Drd2-related changes of gene expression in degenerating neurons of vSNc.
(A) Immunohistofluorescence staining for TH and Drd2 in coronal sections of 1 y-old Rgs6−/− mice and WT controls. mDA neurons of vSNc express higher levels of glycosylated dopamine receptor D2 (Drd2) than those of dSNc (arrowheads). Scale bar 50 µm. (B) Phospho-Erk1/2 (red) staining is only present in degenerating vSNc THlow (green) neurons of Rgs6−/− mice and not in WT controls. Scale bar 20 µm. Arrowheads indicate unaffected neurons. (C) DAT (red) staining is stronger in degenerating vSNc THlow (green) neurons of Rgs6−/− mice than in WT controls. Scale bar 20 µm.
Figure 9.
Rgs6−/− mice as a model for Parkinsonian neurodegeneration.
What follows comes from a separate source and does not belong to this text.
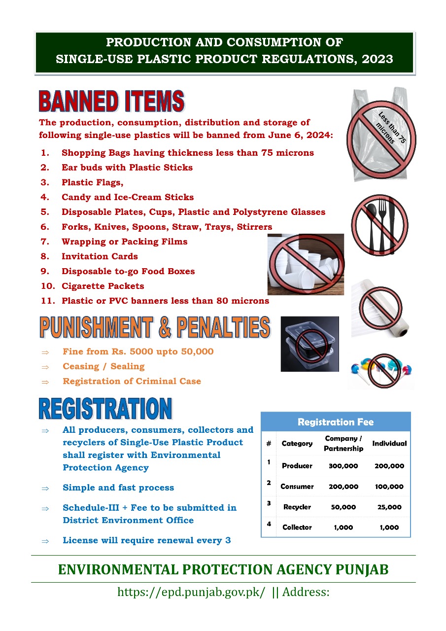 6 جون 2024 سے درج ذیل سنگل استعمال پلاسٹک کی پیداوار، استعمال، تقسیم اور ذخیرہ کرنے پر پابندی عائد کر دی جائے گی۔

(A) Rgs6-dependent signaling pathways in vSNc mDA neurons control Pitx3 expression, which itself controls expression of Aldh1a1, TH, Fgf10, Vmat2 and Bdnf. Together, Rgs6 and Pitx3 define a survival pathway in these neurons. The dopamine receptor Drd2 may be a target of Rgs6 action and consistent with this hypothesis, expression of the dopamine transporter DAT is up-regulated in Rgs6−/− vSNc. (B) Schematic representation of major subsets of SNc mDA neurons present at different ages in midbrains of Rgs6−/− mice showing progressive degeneration (small pale green) followed by loss of vSNc mDA neurons.